■ EXTRACTED MATERIAL
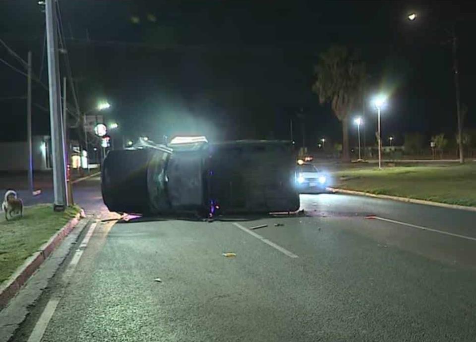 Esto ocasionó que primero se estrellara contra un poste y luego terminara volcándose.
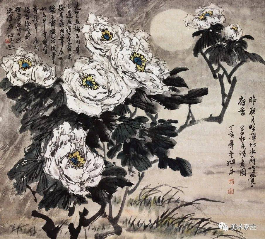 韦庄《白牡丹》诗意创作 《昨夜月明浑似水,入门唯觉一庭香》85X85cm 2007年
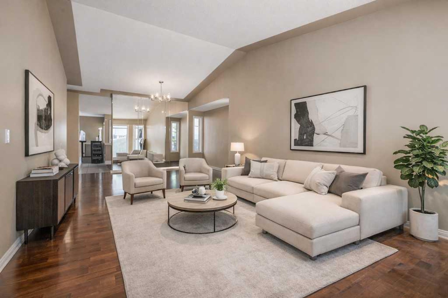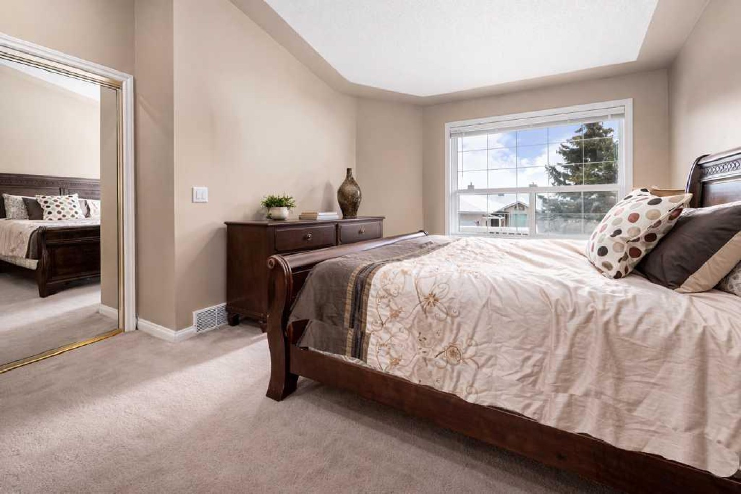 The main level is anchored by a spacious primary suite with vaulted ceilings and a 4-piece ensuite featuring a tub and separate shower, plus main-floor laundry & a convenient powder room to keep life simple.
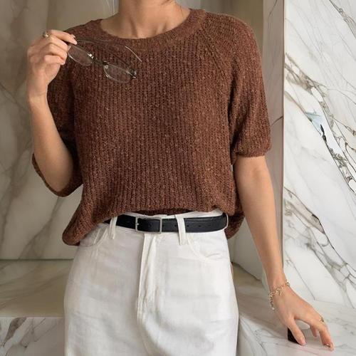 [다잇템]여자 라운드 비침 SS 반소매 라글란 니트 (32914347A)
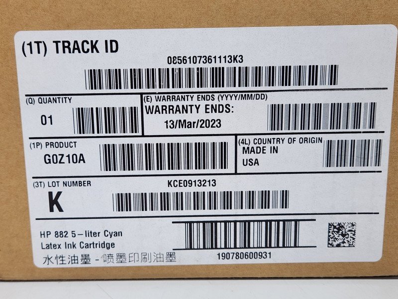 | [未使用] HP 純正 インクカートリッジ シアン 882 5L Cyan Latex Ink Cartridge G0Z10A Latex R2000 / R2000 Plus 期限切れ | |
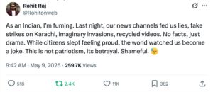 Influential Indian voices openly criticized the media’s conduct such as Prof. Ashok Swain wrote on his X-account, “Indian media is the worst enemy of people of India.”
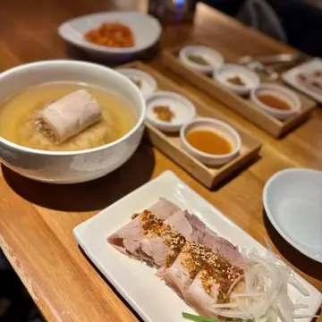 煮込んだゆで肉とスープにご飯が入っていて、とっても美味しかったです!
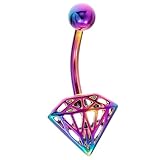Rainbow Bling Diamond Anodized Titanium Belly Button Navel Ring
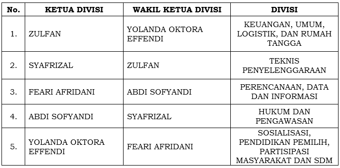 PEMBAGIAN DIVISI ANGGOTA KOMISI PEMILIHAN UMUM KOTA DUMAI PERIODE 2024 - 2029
--
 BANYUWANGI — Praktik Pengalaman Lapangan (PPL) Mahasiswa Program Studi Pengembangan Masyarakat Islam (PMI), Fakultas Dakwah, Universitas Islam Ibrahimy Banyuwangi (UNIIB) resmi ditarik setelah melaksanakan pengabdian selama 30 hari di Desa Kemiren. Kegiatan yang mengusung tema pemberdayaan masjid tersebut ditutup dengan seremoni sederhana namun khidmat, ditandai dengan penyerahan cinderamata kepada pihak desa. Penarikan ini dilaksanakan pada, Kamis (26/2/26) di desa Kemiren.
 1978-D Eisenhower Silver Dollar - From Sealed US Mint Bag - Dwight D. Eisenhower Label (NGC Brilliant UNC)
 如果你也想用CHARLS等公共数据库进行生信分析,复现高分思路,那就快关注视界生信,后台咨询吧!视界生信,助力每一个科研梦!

■ WORK TO BE COMPLETED
Working from the entries above, reproduce exactly and only the lines beginning with the line that has "Esto ocasionó que" and ending with the line that has "Influential Indian voices"; omit all pictures.

■ RESPONSE BELOW
 Esto ocasionó que primero se estrellara contra un poste y luego terminara volcándose.
 韦庄《白牡丹》诗意创作 《昨夜月明浑似水,入门唯觉一庭香》85X85cm 2007年
 The main level is anchored by a spacious primary suite with vaulted ceilings and a 4-piece ensuite featuring a tub and separate shower, plus main-floor laundry & a convenient powder room to keep life simple.
 [다잇템]여자 라운드 비침 SS 반소매 라글란 니트 (32914347A)
 | [未使用] HP 純正 インクカートリッジ シアン 882 5L Cyan Latex Ink Cartridge G0Z10A Latex R2000 / R2000 Plus 期限切れ | |
 Influential Indian voices openly criticized the media’s conduct such as Prof. Ashok Swain wrote on his X-account, “Indian media is the worst enemy of people of India.”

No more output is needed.